I only wish I could keep her on pasture full-time, but I can't. The Paddocks with shelters are full of off-season racehorses, most of whom are studs, so it wouldn't work out!
I just don't want anyone to think I want to like "work her". I just want to form a trusting relationship with her and avoid turning situations into a fight.


----------



## Gidji (Dec 19, 2008)

Good luck with your filly. I hope you have heaps of fun training her and building a relationship with her.


----------



## Spirithorse (Jun 21, 2007)

I actually think it would be a good idea to do work with her like discussed and then allow her to have time out in the pasture with other horses so she can grow up. Take the best of both worlds- training and letting her be.


----------



## mom2pride (May 5, 2009)

With babies, I do like to get them used to handling, so things are easily done with them; but I also like alot of turnout. As long as you get a solid foundation of ground work done on her (haltering, leading, handling feet, etc), the rest will be easy later on.


----------



## Spirithorse (Jun 21, 2007)

^^ I agree


----------



## equus717 (Aug 20, 2009)

i agree that you need to build a bond with this weanling. i have 2 foals and they are as differnt as night and day. my stud colt is very personable wants to be with me and my filly is a little more standoffish i think this is because she cut her leg up real bad at a week old and then i had to call the vets out to put her to sleep so that they could sew it up. it healed nicely but because of that first type of handling i am having to start over with her. but caddo is helping alot because when he comes up she comes up so i pet them both. caddo will already let me pick up his four feet. caddo was halter broke at a week old but i took his halter off because it was too small but i can put my hands all over him even between his legs. i do that so that if a branch gets caught between his back legs he will not panick and stand there until i can get it out from underneath him. maggie is learning to accept me again because of caddo. i take it very slow and only work on a lesson for about 5 minutes at a time because their attention span is not long as well. many times though i go out and watch them in the field at play and see how they interact with each other then i try to mimic that as well.my best advice though is to take it slow.


----------



## jillybean1 (Oct 12, 2009)

well first of all u got to think how am i going to catch her with out freakin her and forcing her. i just got a weanling and the owner could never catch him he knows nothin

its called clicker training u see u can not lundge him if he is naughty u want her to like u see u and nicker, walk in the paddock and sit there with her feed bucket she will come over is she feels right give her time. and bout getting her use to u well first thing u want her to beable to halter and want to not forced thats when clicker comes in let her sniff the halter dont hide it the when she does give her a treat soo she thinks "wow if i touch the rope thing i get food" so eventully she will be like " ow her is my play mate i hope she has that rope thing so i can have a treat" my little fella now comes runing to the halter. then when she come friendly to u play friendly games this is were parelli comes in handy get the end of ur rope and throw it over her show her is alright any way thats how i would do it hope i helped.


----------



## kevinshorses (Aug 15, 2009)

jillybean1 said:


> well first of all u got to think how am i going to catch her with out freakin her and forcing her. i just got a weanling and the owner could never catch him he knows nothin
> 
> its called clicker training u see u can not lundge him if he is naughty u want her to like u see u and nicker, walk in the paddock and sit there with her feed bucket she will come over is she feels right give her time. and bout getting her use to u well first thing u want her to beable to halter and want to not forced thats when clicker comes in let her sniff the halter dont hide it the when she does give her a treat soo she thinks "wow if i touch the rope thing i get food" so eventully she will be like " ow her is my play mate i hope she has that rope thing so i can have a treat" my little fella now comes runing to the halter. then when she come friendly to u play friendly games this is were parelli comes in handy get the end of ur rope and throw it over her show her is alright any way thats how i would do it hope i helped.

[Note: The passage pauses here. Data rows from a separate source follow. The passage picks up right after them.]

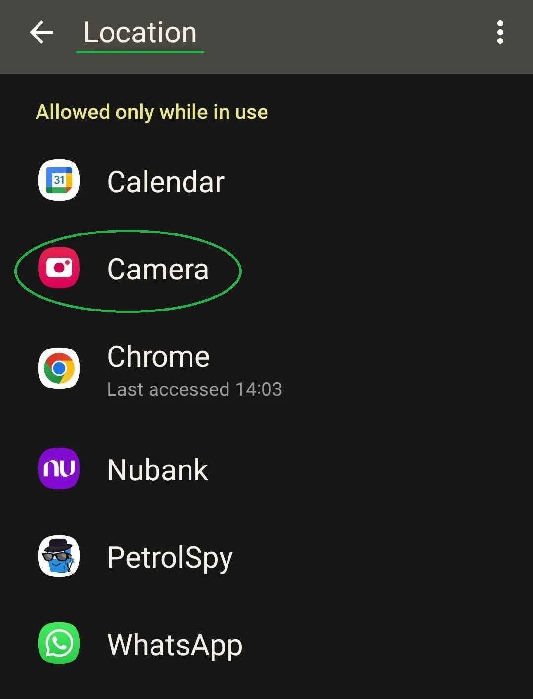 Turn the Toggle on and click on “Camera”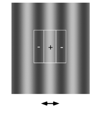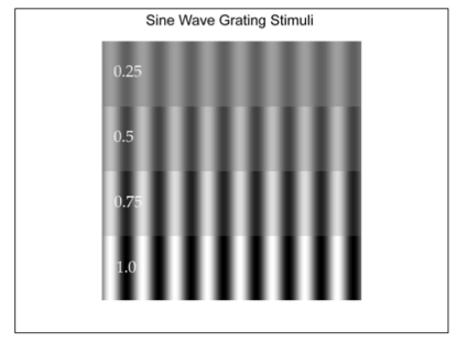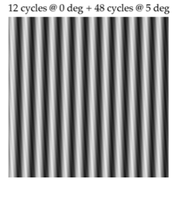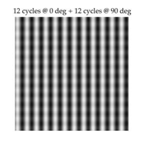 Here is a low contrast grating, tilted 90 degrees that has been added to the high contrast vertical grating. Not that the low contrast grating is very visible.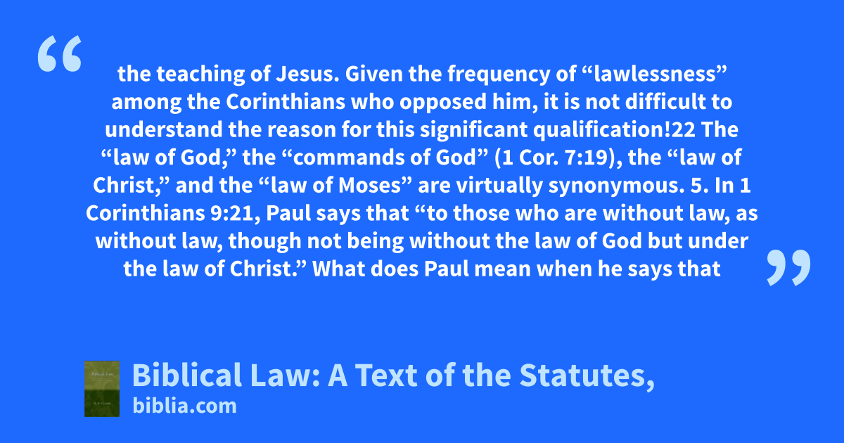the teaching of Jesus. Given the frequency of “lawlessness” among the Corinthians who opposed him, it is not difficult to understand the reason for this significant qualification!22 The “law of God,” the “commands of God” (1 Cor. 7:19), the “law of Christ,” and the “law of Moses” are virtually synonymous. 5. In 1 Corinthians 9:21, Paul says that “to those who are without law, as without law, though not being without the law of God but under the law of Christ.” What does Paul mean when he says that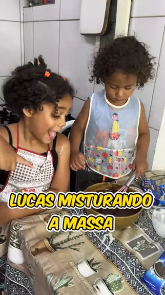 Lucas misturando a massa do bolo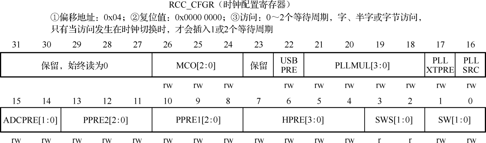 图2-14 RCC_CFGR寄存器的组成位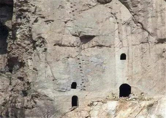 白雀寺北窟位于華陰市五方鄉(xiāng)仙峪村南秦嶺北支華山山脈。該石窟東隔仙峪與華山西峰相望,高出峪道約300米。洞窟開鑿于山體的花崗巖質壁面上,存有洞窟三眼。石窟中的原彩塑已無存,洞頂上刻有的圖案保存較好,專家根據建造特征分析,三眼石窟可能始鑿于唐代。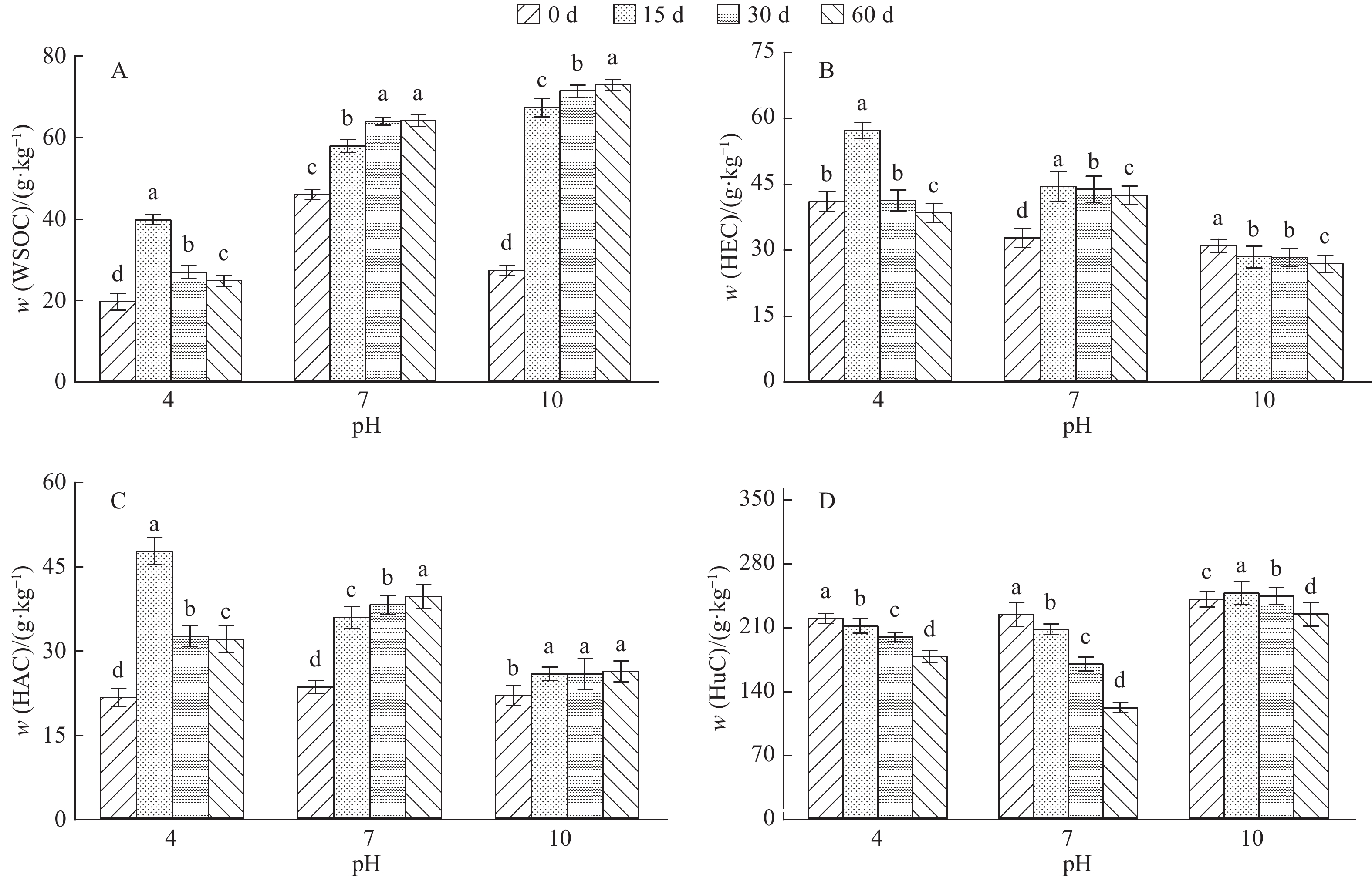3.2 pH对银中杨–玉簪落叶及草坪碎屑混料腐殖质组成的影响pH是影响堆肥腐熟的又一重要指标[4]。在本试验中,无论混料pH为4、7或10,与0 d相比,60 d腐解均可使WSOC含量增加。在碱性条件下,溶解性有机物中类腐殖质组分占有较大比例,酸性条件下,溶解性有机物中类蛋白质及未知组分仍占有较大比例[31]。反之,pH对腐解过程HE、HA和Hu组分的影响则表现出相反规律,pH为7时,混料HA和Hu组分更趋于累积状态,在此过程中,HuC含量大幅下降,这是由于近中性的腐解条件更易于提升微生物活性[32],使微生物对Hu组分的降解能力增强,使降解产物进入HA组分,同时增加了HEC含量;当混料pH为10时,腐解过程HEC有更大的损失程度,但HA组分在此过程有所累积,可间接推断,FAC亦可被微生物大量消耗,有研究指出,FAC与物料pH呈负相关[33-34],最终使HAC/FAC 获得较大程度提升,改善了腐殖质品质。

Could you try this post again with some punctuation and spelling? I could only read the first two lines before I got a headache. If you want to be taken seriously then you should write like an adult.


----------



## TroubledTB (Jun 26, 2009)

Thank you kevinshorses for advocating letting them be a horse, "so it can be a horse" was my response when I got to the end of page 1. Then I saw that you had it handled on the next post, but beyond that, as far as going into the middle of the pasture and bringing that big bucket of grain, good luck, they don't even know what grain is, or carrots, or apples, they just know grass so good luck using food as bribery. This almost is better for your relationship though because you will go out there and she may not want your company at first, but once she does you know its because you earned her trust, not her stomach. Treats are wonderful, don't think my horse didn't figure out what they were eventually, but babies that age can really bust your chops. I can't tell you how many times I chased circles around the pasture just trying to be my horses new best friend, and when I say chased it doesn't mean she exerted herself, she was always just out of reach and trotting away ten steps to far. Eventually she would get tired and usually decide to lay down at some point and I would get my chance to finally snuggle and bond. Sometimes I would watch the pasture all day for her to take a nap so I could sneak in and hold her. That eventually won her over and I was able to catch her more regularly. 

As far as leading goes, make sure you try to get some knowledgeable help with this, it is usually best done with one person holding the halter and another with a lead rope around their butt. You have to make sure to establish that she can't break away but other than that don't use the halter to pull her around. Instead have the friend with the butt rope encourage her to follow you when you walk so she learns to be lead not pulled. Young horses that age can throw some pretty big fits, and pull rearing jumping stunts during this process so whatever you do, don't let her get away during this, she is still small enough to think you are really strong and they never really wise up as they grow up and realise they can overpower you later.


----------



## Alicia (Mar 21, 2009)

I agree with handling her a lot and to also offset that with letting her be a horse and putting her out to pasture for a bit. I think I would do something like working with her for a couple of days (short stints since her attention span will be pretty short) then let her be with other horses for a week or so, to give her mind a break.
Another thing would be to have other people handle her as well, so that she doesn't become a one person horse. Good luck and enjoy this experience.


----------